In the News

Here is some stuff in the news today...

[Content Note: Illness] Thomas Eric Duncan, the Liberian traveler who was being treated for Ebola in Dallas, has died. "It is with profound sadness and heartfelt disappointment that we must inform you of the death of Thomas Eric Duncan this morning," the Texas Health Presbyterian hospital said in a statement.

[CN: Illness] In other news: Ebola researchers are walking a fine line between tempering alarmism about an Ebola epidemic in the US and also conveying realistic information regarding how little certainty we can actually have about a virus that has "opportunities to evolve as it passes through multiple human hosts." Meanwhile, male Ebola survivors (and other people with testes who don't identify as male) are being urged to wear condoms because "the disease can last much longer in semen," perhaps as long as more than 90 days.

[CN: Police brutality; racism] Rage seethe boil: "Eighteen-year-old DeShawn Currie was walking into his foster parents' unlocked side door after school Monday afternoon, when a neighbor called 911 to report what they perceived to be a burglary on the residential block in Fuquay-Varina, North Carolina. When cops arrived, they walked inside the house and ordered Currie to put his hands up, as Currie, confused, questioned what he had done wrong. Cops responded by pointing to a picture on the wall that showed several white children together, implying that Currie, black, did not belong. By the time Currie's foster mother Stacy Tyler came home, EMTs were treating Currie in the driveway for having been pepper sprayed in the face by the officers, WTVD reports. Police said in a statement they pepper-sprayed Currie because he would not follow orders."

[CN: Worker exploitation] David Leonhardt explores "The Great Wage Slowdown of the 21st Century." And I'm no economist, but it seems to me it might be worth mentioning that profits aren't hurting. Executive pay is increasing. I don't really think it's so much about energy costs, or education costs, or healthcare costs, as it is about priorities. Energy, education, and healthcare costs serve as useful red herrings to avoid talking about greed, though.

[CN: Identity theft] WHAT: "A DEA agent commandeered a woman's identity, created a phony Facebook account in her name, and posted racy photos he found on her seized cell phone.
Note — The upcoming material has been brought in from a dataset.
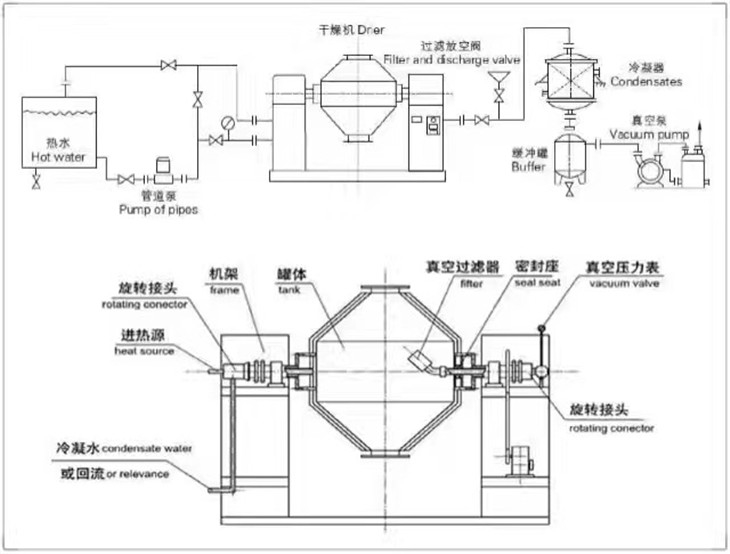 1. 在密閉的夾層中通入熱能源(如熱水、低壓、蒸汽或?qū)嵊停瑹崃拷?jīng)內(nèi)殼傳給被干燥物料。
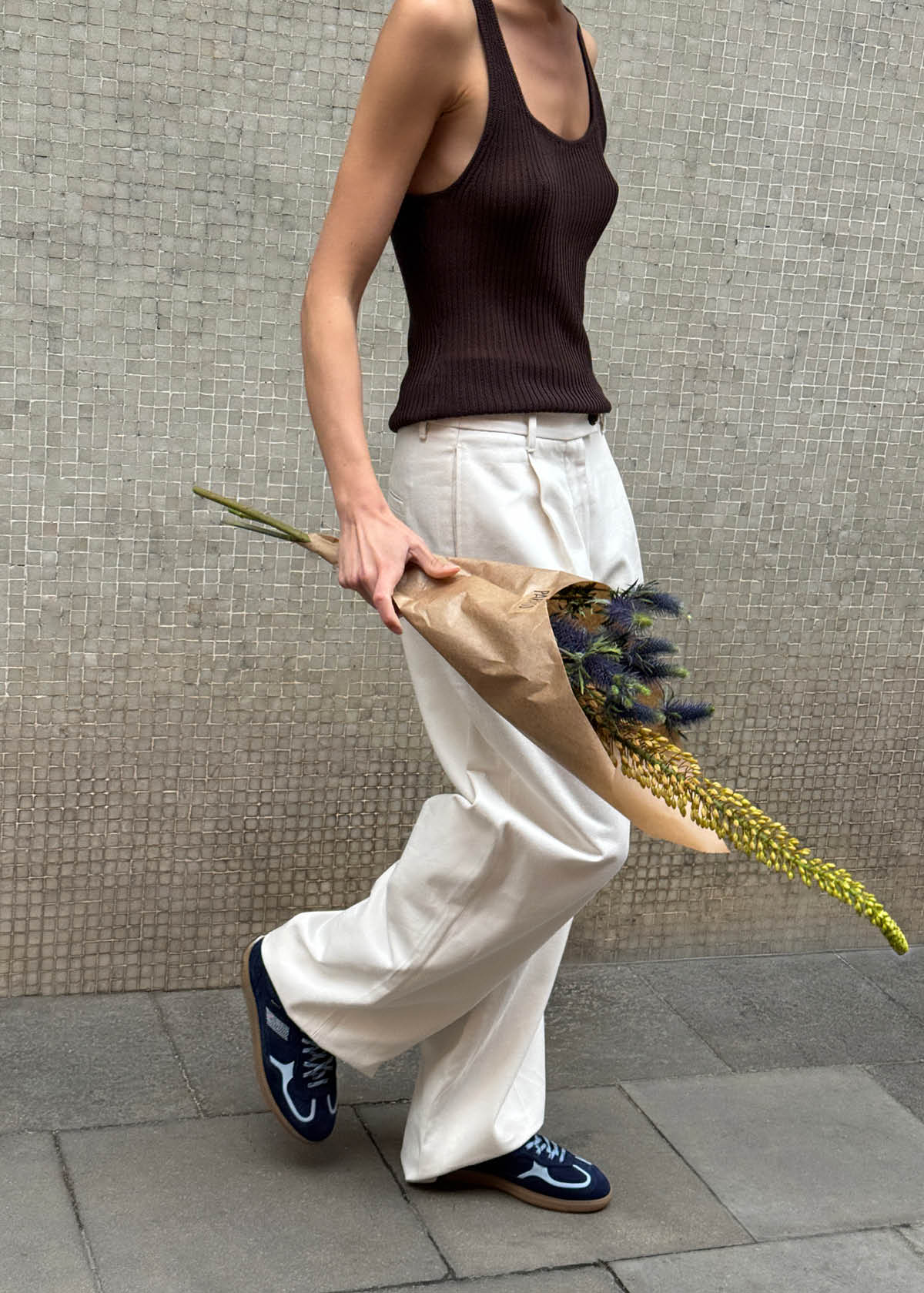 The Tb.490 sneaker is crafted entirely from navy blue suede with light blue suede trims. Matching laces with black stripes add subtle contrast. The low-top silhouette sits on brown rubber soles, featuring highlighted stitching along the profile and an embossed logo on the tongue and sides.

The government said he had the right to do that." But now: "Facebook has removed the page and the Justice Department said it is reviewing the incident." Fucking hell.

[CN: Homophobia; war on agency] This is an interesting article on "contact theory" and political canvassing, and how canvassers disclosing that they are gay, bi, or trans can persuade people to change their views on same-sex marriage, and whether canvassers disclosing they've had an abortion might similarly persuade people to change their views on abortion.

Jon Huntsman says he's not running again in 2016. I'm sure that's very interesting news to the five of us who remember he ran in 2012.